***** STORED DATA
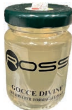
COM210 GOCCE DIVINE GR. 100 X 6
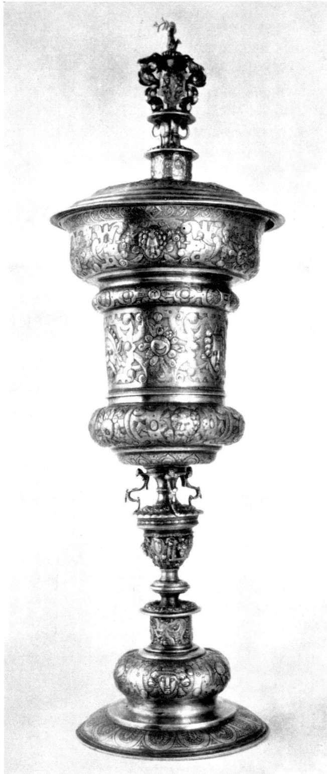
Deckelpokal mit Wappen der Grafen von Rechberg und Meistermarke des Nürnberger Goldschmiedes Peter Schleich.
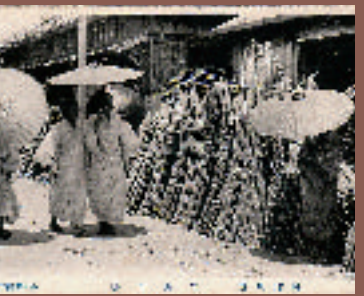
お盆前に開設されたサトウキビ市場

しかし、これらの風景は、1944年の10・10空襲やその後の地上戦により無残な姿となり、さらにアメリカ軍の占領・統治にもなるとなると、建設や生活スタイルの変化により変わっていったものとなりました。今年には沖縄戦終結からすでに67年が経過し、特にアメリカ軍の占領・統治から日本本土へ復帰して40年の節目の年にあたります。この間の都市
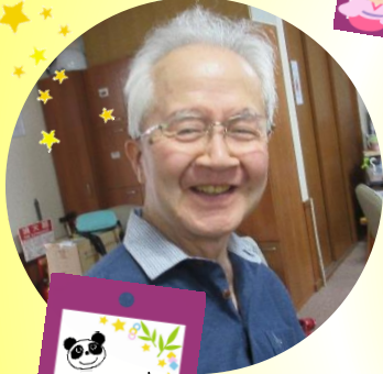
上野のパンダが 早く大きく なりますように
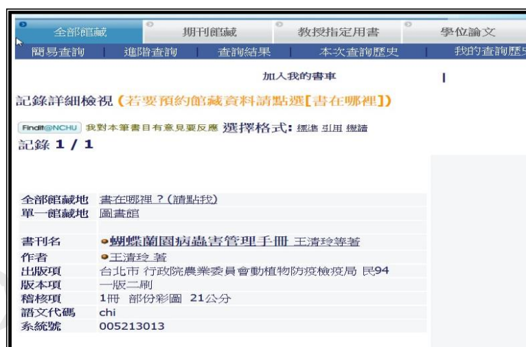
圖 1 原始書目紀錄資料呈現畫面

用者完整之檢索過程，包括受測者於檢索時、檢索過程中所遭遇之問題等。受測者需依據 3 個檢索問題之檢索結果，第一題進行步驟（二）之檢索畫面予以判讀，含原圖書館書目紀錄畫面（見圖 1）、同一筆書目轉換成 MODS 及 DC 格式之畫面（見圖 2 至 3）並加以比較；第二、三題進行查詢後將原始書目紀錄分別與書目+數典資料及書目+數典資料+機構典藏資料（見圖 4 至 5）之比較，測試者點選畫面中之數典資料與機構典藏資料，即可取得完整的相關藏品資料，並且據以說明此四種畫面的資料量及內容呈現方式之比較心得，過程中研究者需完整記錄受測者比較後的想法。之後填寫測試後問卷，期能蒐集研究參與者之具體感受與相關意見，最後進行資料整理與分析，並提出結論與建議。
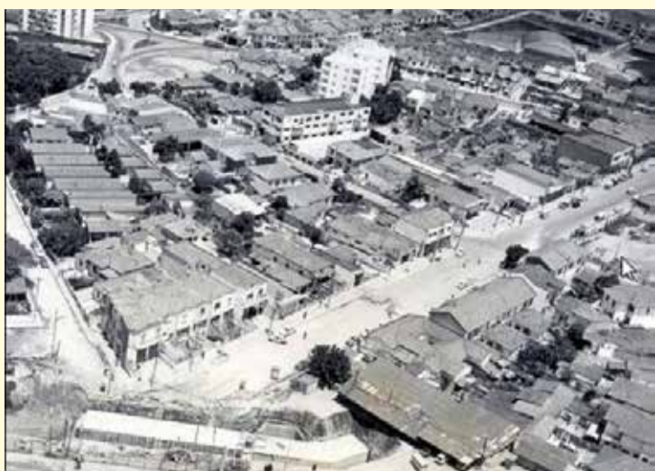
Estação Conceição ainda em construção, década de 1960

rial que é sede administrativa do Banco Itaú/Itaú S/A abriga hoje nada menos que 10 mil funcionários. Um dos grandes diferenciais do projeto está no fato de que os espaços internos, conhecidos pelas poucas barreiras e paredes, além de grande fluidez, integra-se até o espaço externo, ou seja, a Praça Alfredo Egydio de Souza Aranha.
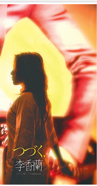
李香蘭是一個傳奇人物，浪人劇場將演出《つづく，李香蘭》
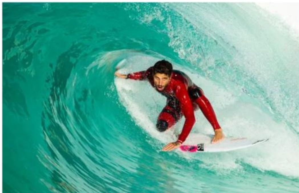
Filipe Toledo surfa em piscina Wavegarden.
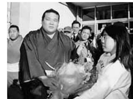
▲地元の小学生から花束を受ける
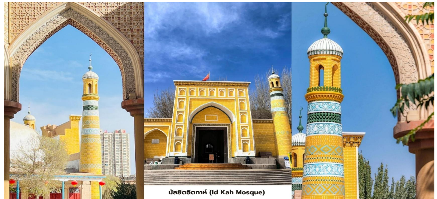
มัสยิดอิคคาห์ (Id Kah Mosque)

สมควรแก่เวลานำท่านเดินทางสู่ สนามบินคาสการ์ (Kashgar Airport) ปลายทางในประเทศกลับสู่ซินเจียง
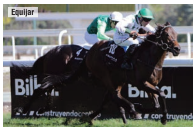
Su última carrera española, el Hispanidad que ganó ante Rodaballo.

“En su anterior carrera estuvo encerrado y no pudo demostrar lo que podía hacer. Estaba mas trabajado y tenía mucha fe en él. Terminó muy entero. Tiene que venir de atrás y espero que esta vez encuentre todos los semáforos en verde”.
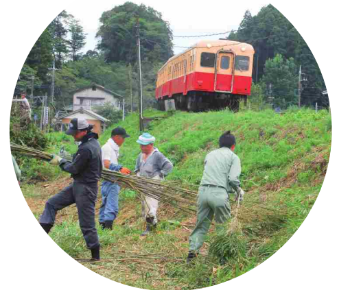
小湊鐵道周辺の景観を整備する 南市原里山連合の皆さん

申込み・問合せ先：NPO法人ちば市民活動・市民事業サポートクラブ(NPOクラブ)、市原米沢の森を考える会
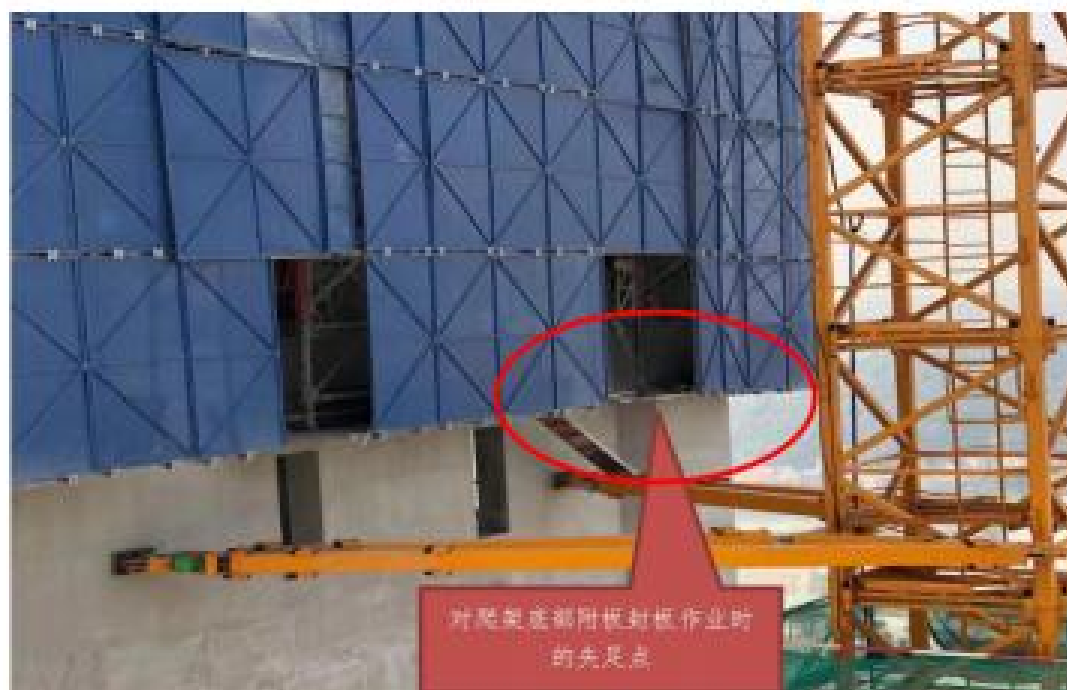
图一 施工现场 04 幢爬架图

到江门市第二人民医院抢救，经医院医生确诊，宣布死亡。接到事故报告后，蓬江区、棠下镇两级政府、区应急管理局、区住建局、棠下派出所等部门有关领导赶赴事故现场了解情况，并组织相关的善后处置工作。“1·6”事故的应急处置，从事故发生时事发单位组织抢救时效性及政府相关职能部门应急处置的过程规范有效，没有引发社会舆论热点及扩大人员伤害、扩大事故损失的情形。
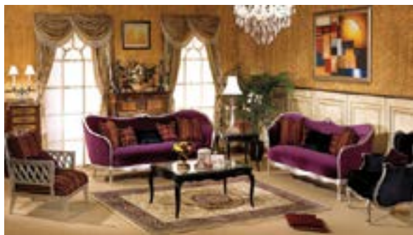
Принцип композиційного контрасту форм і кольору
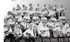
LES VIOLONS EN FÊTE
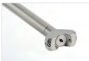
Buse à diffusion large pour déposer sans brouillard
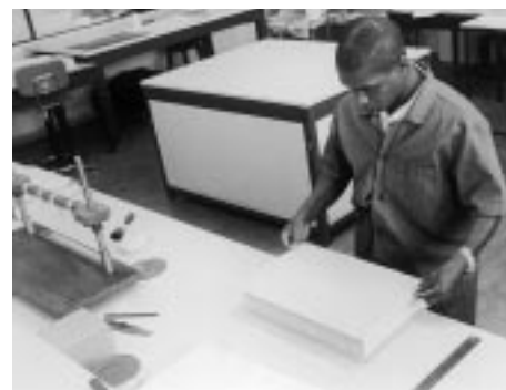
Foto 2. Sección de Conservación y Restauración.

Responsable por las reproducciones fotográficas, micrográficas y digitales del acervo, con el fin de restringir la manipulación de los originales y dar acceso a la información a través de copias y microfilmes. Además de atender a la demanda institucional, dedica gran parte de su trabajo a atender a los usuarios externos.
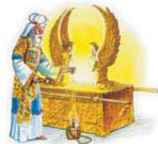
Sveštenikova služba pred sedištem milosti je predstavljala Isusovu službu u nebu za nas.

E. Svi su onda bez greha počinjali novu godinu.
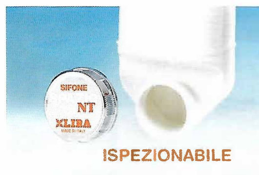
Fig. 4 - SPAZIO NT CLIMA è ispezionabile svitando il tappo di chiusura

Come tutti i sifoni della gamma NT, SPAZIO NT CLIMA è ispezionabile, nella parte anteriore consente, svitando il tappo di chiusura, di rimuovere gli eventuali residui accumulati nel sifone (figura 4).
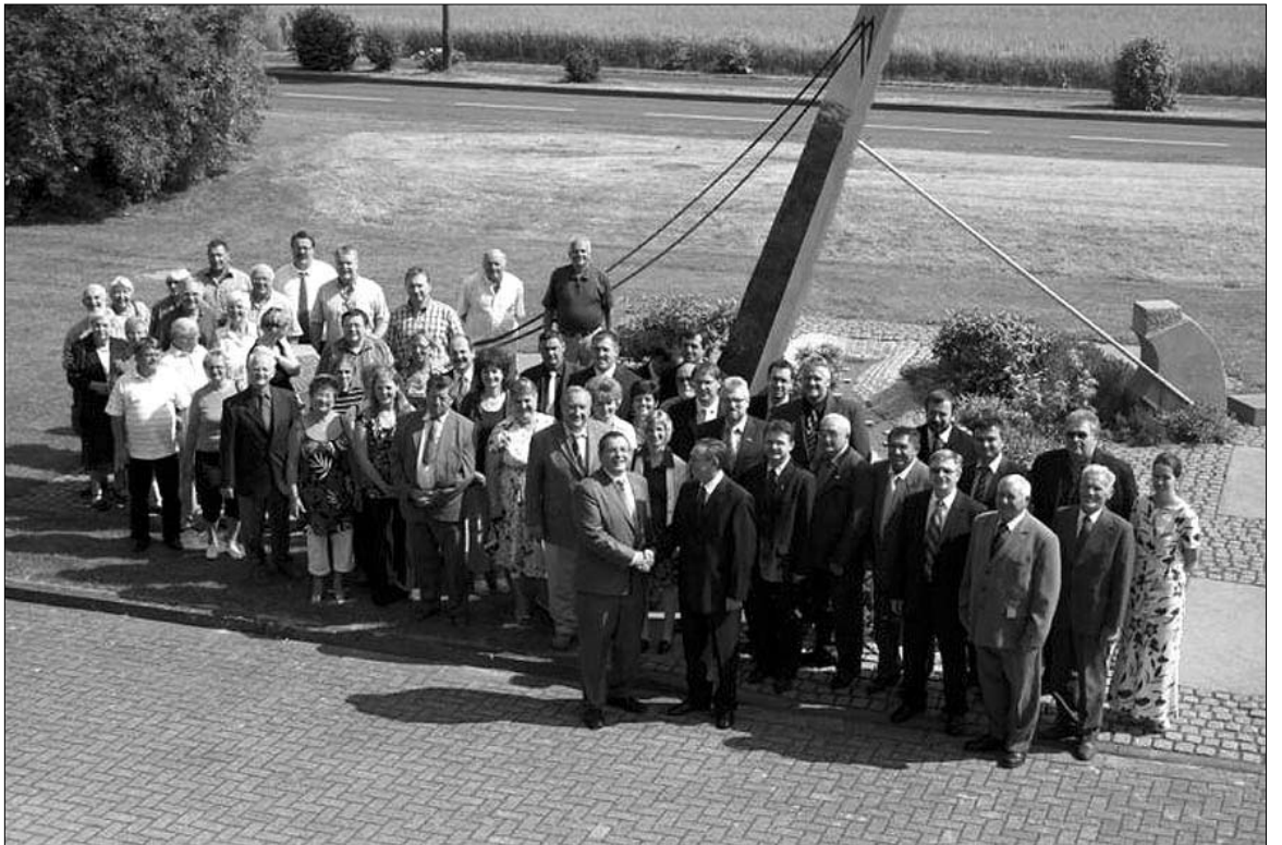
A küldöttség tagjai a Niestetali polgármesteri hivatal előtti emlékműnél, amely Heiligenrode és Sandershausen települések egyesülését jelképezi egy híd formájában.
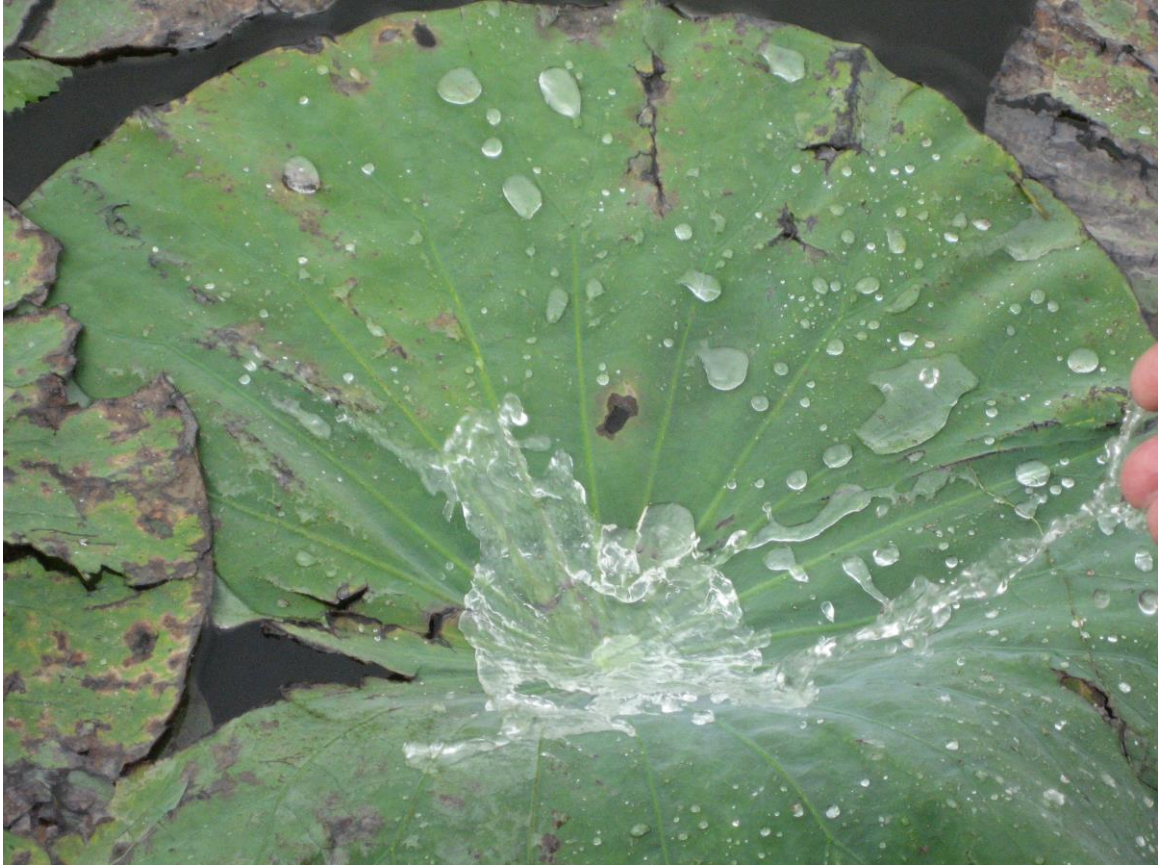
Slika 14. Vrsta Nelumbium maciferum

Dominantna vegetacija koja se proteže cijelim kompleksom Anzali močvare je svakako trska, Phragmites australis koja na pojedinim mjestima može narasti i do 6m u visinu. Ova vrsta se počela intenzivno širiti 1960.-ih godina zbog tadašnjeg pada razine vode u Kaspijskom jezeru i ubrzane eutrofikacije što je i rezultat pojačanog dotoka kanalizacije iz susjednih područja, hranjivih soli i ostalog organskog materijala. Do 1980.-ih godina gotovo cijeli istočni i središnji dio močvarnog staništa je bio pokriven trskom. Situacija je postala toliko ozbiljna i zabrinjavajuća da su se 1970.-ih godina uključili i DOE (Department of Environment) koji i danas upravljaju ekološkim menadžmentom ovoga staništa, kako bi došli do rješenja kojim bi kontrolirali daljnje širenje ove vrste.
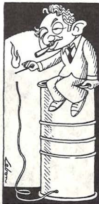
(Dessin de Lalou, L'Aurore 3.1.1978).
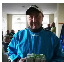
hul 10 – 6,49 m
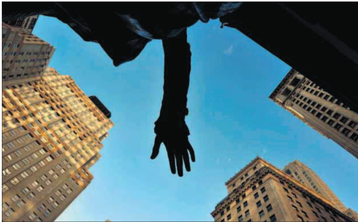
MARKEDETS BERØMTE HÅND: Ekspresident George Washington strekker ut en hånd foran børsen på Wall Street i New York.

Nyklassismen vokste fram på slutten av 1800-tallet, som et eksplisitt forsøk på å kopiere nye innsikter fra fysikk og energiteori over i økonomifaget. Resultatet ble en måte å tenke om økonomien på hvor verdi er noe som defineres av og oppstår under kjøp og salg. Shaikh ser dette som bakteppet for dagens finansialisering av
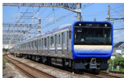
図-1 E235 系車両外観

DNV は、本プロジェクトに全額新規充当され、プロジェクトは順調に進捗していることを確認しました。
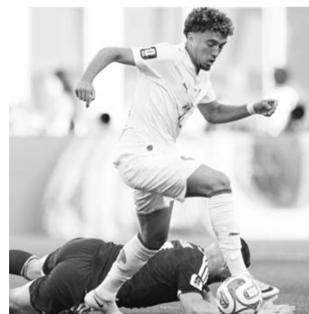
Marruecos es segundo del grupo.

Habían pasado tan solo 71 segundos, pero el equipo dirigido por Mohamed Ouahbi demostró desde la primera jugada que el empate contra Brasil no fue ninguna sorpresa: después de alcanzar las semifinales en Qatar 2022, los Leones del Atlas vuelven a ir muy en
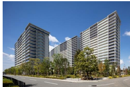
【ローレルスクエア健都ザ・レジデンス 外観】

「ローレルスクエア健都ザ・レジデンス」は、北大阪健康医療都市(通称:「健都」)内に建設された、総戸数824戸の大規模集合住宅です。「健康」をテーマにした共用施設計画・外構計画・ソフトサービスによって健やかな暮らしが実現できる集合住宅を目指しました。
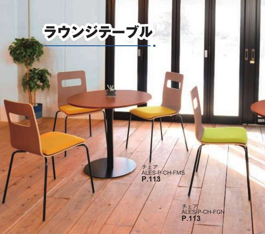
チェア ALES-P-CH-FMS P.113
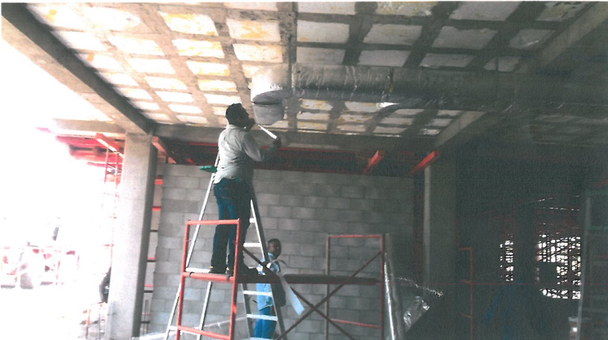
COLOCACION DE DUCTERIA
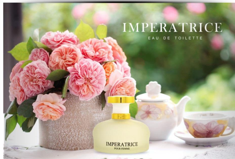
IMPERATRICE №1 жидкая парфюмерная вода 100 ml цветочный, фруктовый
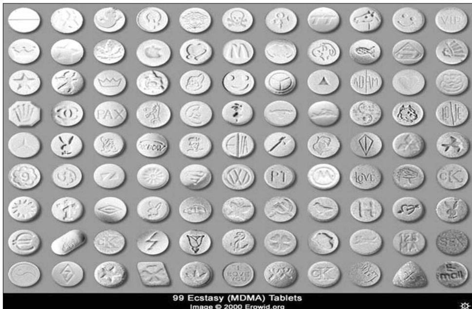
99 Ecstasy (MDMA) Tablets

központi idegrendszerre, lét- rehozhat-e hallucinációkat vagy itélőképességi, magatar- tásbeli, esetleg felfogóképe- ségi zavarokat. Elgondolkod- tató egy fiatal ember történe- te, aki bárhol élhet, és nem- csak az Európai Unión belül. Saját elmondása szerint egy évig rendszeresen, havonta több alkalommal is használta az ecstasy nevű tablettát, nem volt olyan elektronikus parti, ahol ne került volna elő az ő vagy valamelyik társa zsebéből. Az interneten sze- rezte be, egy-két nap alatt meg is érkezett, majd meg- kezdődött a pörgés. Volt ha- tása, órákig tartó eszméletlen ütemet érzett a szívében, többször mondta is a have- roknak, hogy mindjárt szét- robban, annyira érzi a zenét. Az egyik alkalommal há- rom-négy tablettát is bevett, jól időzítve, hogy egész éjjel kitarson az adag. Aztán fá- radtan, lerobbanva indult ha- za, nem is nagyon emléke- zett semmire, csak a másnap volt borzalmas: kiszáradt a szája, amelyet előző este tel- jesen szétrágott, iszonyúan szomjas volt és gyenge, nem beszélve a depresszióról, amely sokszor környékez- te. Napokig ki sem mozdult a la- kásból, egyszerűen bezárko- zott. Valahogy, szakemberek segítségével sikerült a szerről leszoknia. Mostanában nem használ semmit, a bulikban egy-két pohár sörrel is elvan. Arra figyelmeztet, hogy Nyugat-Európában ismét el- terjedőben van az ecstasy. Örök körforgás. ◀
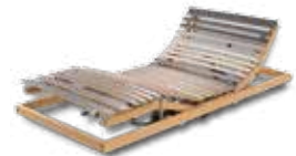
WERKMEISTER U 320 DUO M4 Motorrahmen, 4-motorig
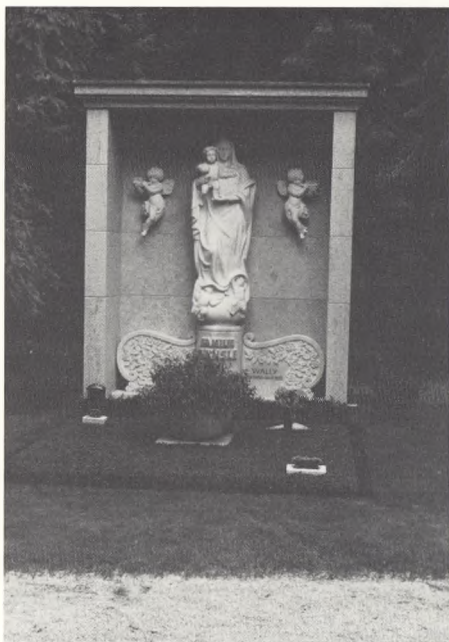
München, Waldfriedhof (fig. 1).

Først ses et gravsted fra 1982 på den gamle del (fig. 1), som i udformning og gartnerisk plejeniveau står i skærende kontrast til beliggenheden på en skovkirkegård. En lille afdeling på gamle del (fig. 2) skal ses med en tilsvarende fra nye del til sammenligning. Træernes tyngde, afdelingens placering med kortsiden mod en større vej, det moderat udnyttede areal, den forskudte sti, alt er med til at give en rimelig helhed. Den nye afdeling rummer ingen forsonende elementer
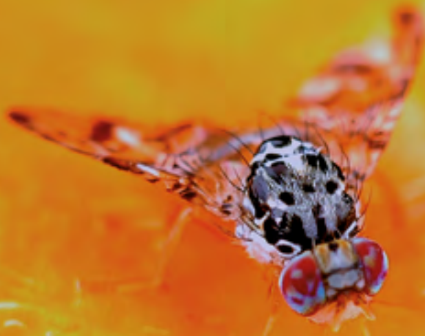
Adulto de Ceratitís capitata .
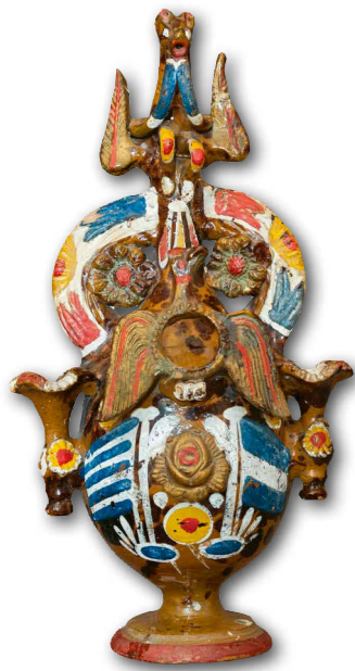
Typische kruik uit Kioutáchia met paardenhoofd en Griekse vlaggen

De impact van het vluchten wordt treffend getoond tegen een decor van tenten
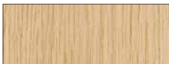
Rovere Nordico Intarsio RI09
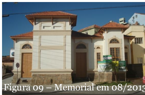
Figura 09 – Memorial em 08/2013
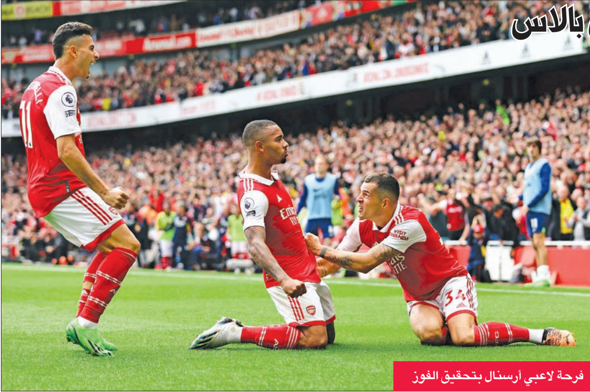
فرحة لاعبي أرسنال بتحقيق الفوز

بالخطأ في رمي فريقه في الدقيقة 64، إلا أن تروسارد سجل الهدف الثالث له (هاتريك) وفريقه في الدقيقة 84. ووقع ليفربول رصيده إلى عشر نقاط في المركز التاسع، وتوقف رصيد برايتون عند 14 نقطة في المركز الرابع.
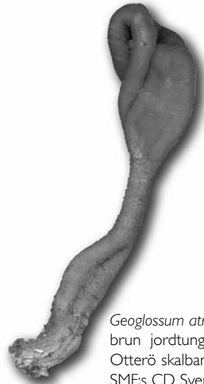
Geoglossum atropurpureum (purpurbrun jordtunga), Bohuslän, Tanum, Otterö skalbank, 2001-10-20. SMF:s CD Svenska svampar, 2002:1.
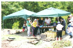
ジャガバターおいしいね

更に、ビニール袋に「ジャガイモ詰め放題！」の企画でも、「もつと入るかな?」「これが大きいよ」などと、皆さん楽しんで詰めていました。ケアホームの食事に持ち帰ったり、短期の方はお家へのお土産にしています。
**********
Using the records above, repeat exactly the run of lines that starts with the line with "Su última carrera" and goes on through the line with "Sveštenikova služba pred"; omit each picture.

Su última carrera española, el Hispanidad que ganó ante Rodaballo.

“En su anterior carrera estuvo encerrado y no pudo demostrar lo que podía hacer. Estaba mas trabajado y tenía mucha fe en él. Terminó muy entero. Tiene que venir de atrás y espero que esta vez encuentre todos los semáforos en verde”.
小湊鐵道周辺の景観を整備する 南市原里山連合の皆さん

申込み・問合せ先：NPO法人ちば市民活動・市民事業サポートクラブ(NPOクラブ)、市原米沢の森を考える会
图一 施工现场 04 幢爬架图

到江门市第二人民医院抢救，经医院医生确诊，宣布死亡。接到事故报告后，蓬江区、棠下镇两级政府、区应急管理局、区住建局、棠下派出所等部门有关领导赶赴事故现场了解情况，并组织相关的善后处置工作。“1·6”事故的应急处置，从事故发生时事发单位组织抢救时效性及政府相关职能部门应急处置的过程规范有效，没有引发社会舆论热点及扩大人员伤害、扩大事故损失的情形。
Принцип композиційного контрасту форм і кольору
LES VIOLONS EN FÊTE
Buse à diffusion large pour déposer sans brouillard
Foto 2. Sección de Conservación y Restauración.

Responsable por las reproducciones fotográficas, micrográficas y digitales del acervo, con el fin de restringir la manipulación de los originales y dar acceso a la información a través de copias y microfilmes. Además de atender a la demanda institucional, dedica gran parte de su trabajo a atender a los usuarios externos.
Sveštenikova služba pred sedištem milosti je predstavljala Isusovu službu u nebu za nas.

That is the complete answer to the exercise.